WORK TO COMPLETE:
In the entries below, begin at the line that has "16 .Existential Quantifier", stop after the line that has "译者按:阿爸腓利门传记乃他的", and output those lines exactly with no pictures.
-- RECORD SET follows --
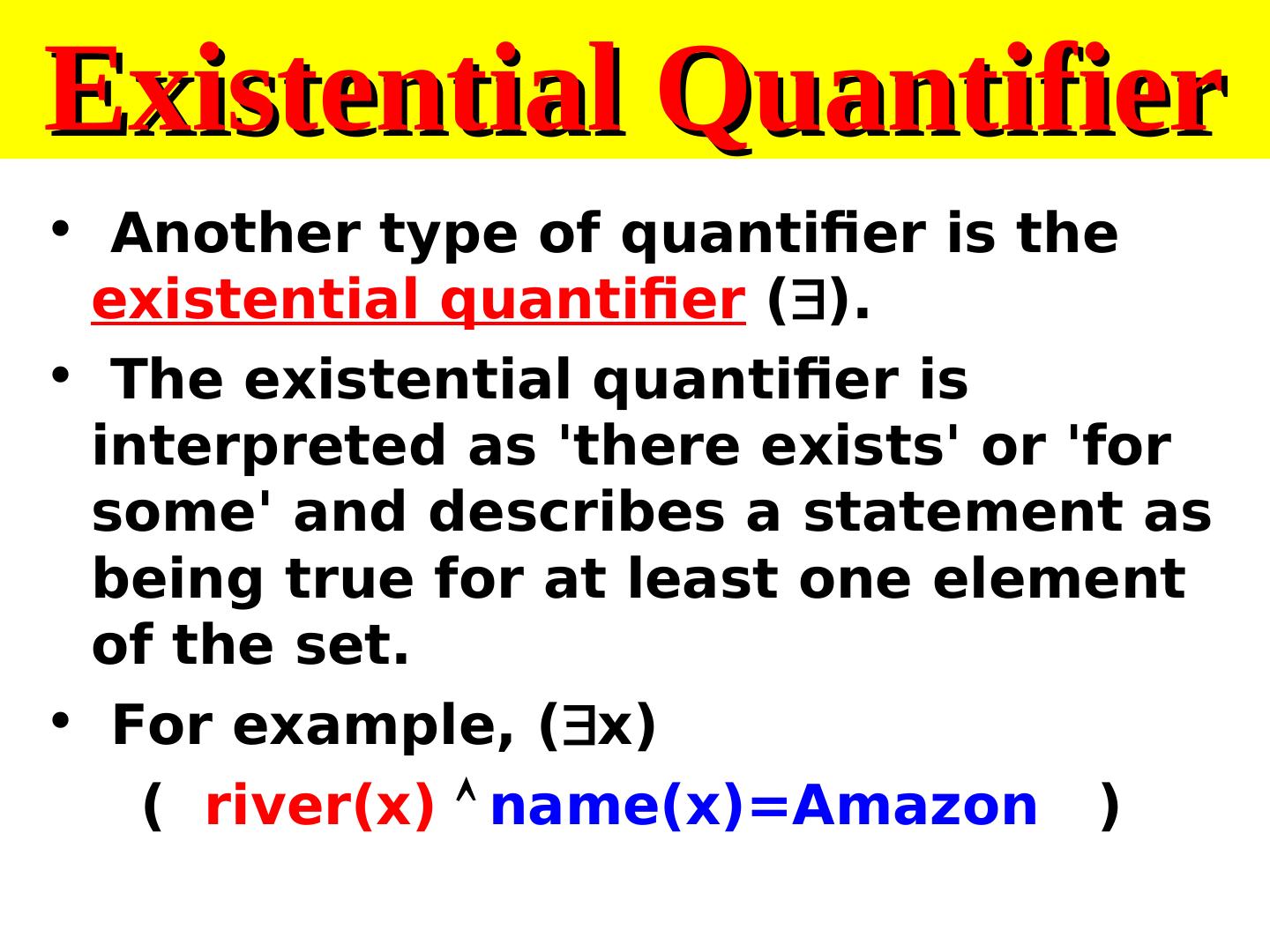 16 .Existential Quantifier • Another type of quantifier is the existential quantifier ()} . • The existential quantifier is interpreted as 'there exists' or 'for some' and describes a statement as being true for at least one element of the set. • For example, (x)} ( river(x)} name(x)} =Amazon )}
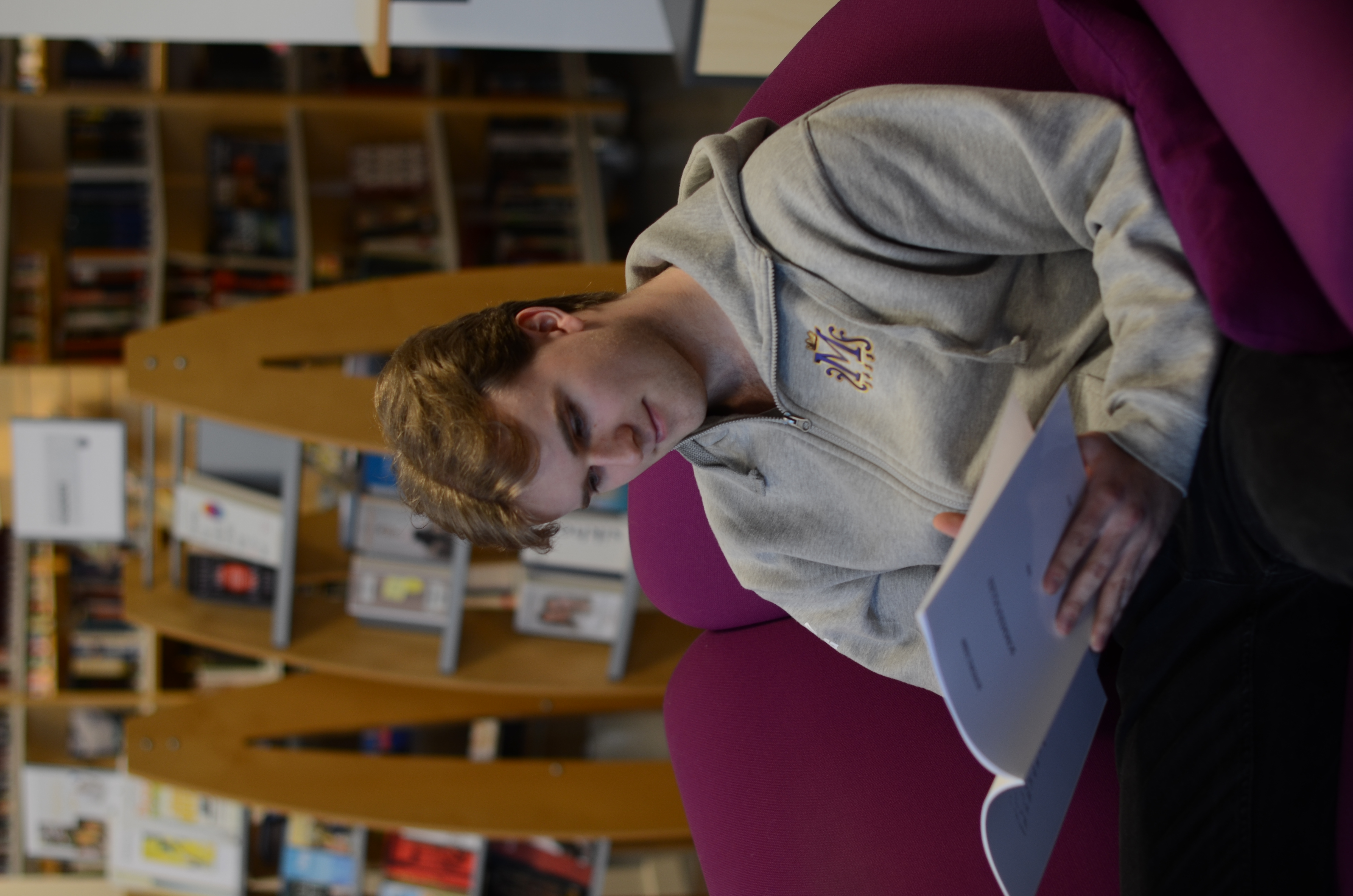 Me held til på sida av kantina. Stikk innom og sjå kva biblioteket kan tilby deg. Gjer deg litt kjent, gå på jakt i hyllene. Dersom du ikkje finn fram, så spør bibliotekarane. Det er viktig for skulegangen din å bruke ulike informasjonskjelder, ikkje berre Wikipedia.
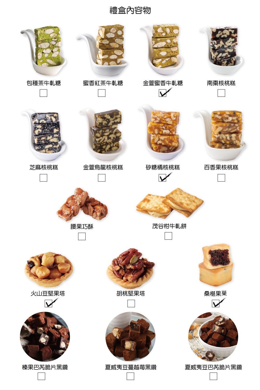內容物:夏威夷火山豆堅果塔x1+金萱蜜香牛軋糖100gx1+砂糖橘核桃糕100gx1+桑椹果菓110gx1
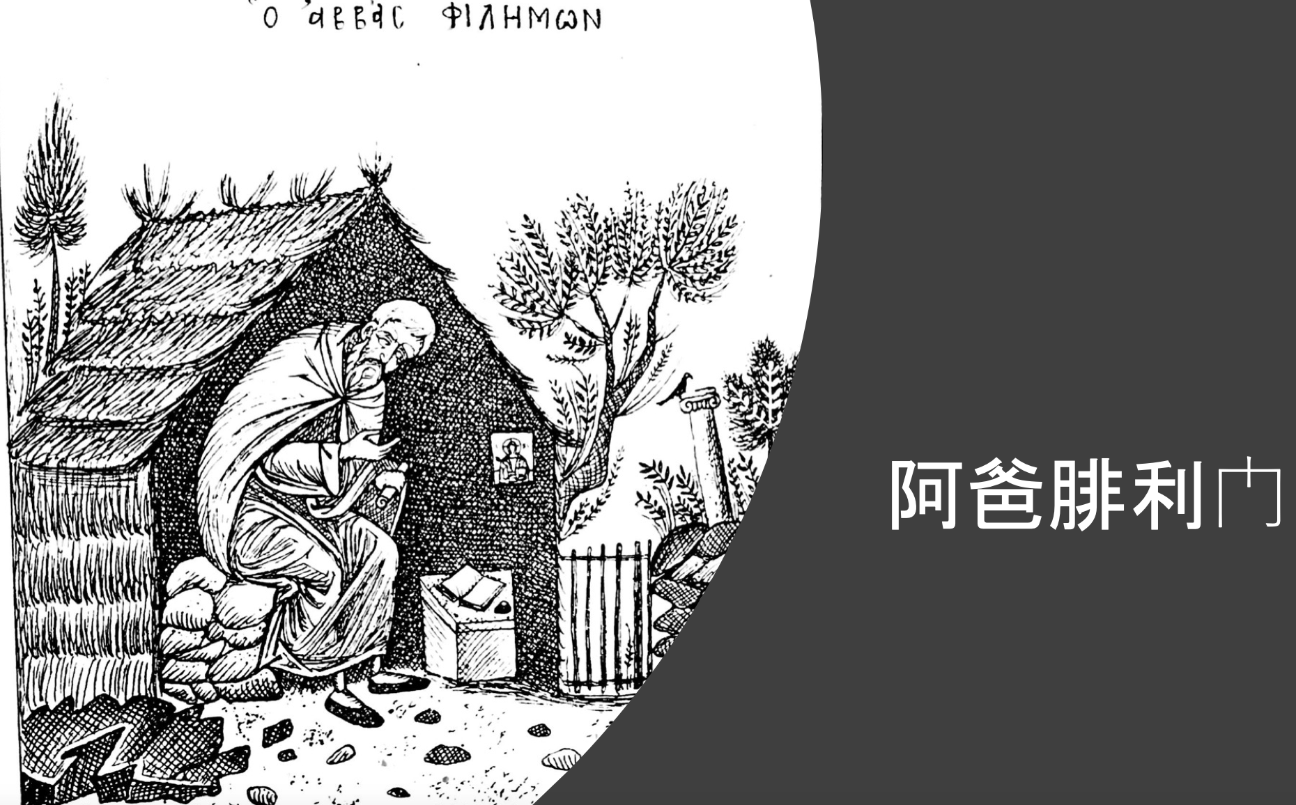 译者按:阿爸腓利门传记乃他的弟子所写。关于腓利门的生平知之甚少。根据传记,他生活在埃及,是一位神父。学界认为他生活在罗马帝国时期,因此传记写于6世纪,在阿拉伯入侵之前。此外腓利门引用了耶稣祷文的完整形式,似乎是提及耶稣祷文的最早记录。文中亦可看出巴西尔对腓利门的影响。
-- RECORD SET concluded --
-- RECORD SET follows --
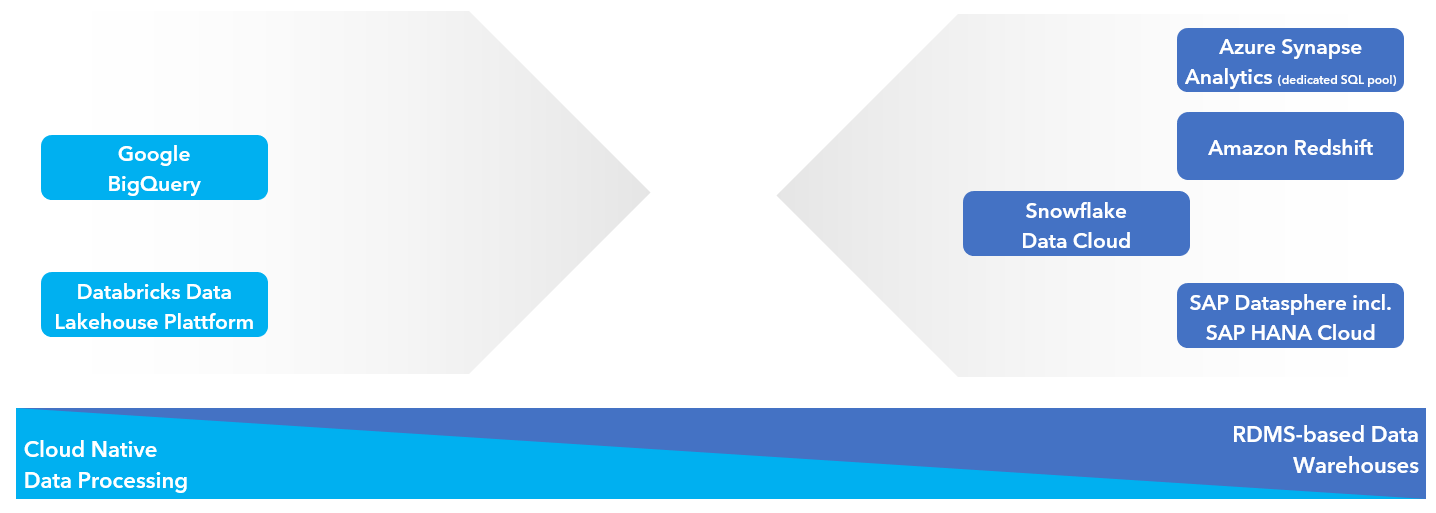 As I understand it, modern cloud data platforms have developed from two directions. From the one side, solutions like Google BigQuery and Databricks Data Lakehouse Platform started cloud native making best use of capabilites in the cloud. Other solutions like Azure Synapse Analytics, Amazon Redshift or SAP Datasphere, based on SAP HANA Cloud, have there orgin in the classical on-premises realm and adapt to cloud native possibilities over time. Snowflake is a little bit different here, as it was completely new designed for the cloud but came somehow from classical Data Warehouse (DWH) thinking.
-- RECORD SET concluded --
-- RECORD SET follows --
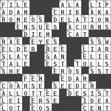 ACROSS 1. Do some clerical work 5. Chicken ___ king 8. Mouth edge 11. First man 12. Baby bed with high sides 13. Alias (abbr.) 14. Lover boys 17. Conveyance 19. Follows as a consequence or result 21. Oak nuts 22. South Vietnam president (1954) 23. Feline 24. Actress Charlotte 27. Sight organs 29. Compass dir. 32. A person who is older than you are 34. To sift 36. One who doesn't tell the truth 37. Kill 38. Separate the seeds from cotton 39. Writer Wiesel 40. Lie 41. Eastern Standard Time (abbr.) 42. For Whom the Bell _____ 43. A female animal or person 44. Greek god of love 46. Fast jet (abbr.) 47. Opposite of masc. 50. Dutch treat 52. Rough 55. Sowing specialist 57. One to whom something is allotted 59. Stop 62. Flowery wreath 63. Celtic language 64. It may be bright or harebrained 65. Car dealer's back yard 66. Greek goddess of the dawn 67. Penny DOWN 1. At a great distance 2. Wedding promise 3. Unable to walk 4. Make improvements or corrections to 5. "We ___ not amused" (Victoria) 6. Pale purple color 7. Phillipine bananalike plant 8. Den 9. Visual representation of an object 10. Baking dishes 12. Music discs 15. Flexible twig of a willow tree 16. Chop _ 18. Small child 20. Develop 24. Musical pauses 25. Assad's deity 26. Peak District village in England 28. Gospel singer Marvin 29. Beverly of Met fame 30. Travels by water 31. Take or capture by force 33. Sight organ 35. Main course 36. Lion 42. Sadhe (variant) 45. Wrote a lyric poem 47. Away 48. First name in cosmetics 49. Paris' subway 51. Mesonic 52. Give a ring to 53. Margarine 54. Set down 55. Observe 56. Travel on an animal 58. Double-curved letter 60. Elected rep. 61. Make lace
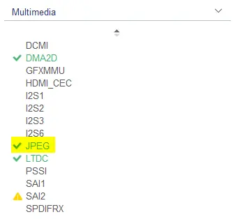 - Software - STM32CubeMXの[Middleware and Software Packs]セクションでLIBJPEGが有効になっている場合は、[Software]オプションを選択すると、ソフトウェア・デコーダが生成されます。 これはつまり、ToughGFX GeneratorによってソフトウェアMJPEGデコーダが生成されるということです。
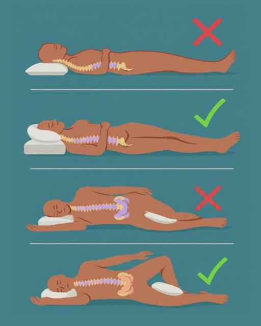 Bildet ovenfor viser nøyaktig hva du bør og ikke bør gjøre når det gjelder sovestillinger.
-- RECORD SET concluded --
SOLUTION TO THIS EXERCISE:
 16 .Existential Quantifier • Another type of quantifier is the existential quantifier ()} . • The existential quantifier is interpreted as 'there exists' or 'for some' and describes a statement as being true for at least one element of the set. • For example, (x)} ( river(x)} name(x)} =Amazon )}
 Me held til på sida av kantina. Stikk innom og sjå kva biblioteket kan tilby deg. Gjer deg litt kjent, gå på jakt i hyllene. Dersom du ikkje finn fram, så spør bibliotekarane. Det er viktig for skulegangen din å bruke ulike informasjonskjelder, ikkje berre Wikipedia.
內容物:夏威夷火山豆堅果塔x1+金萱蜜香牛軋糖100gx1+砂糖橘核桃糕100gx1+桑椹果菓110gx1
 译者按:阿爸腓利门传记乃他的弟子所写。关于腓利门的生平知之甚少。根据传记,他生活在埃及,是一位神父。学界认为他生活在罗马帝国时期,因此传记写于6世纪,在阿拉伯入侵之前。此外腓利门引用了耶稣祷文的完整形式,似乎是提及耶稣祷文的最早记录。文中亦可看出巴西尔对腓利门的影响。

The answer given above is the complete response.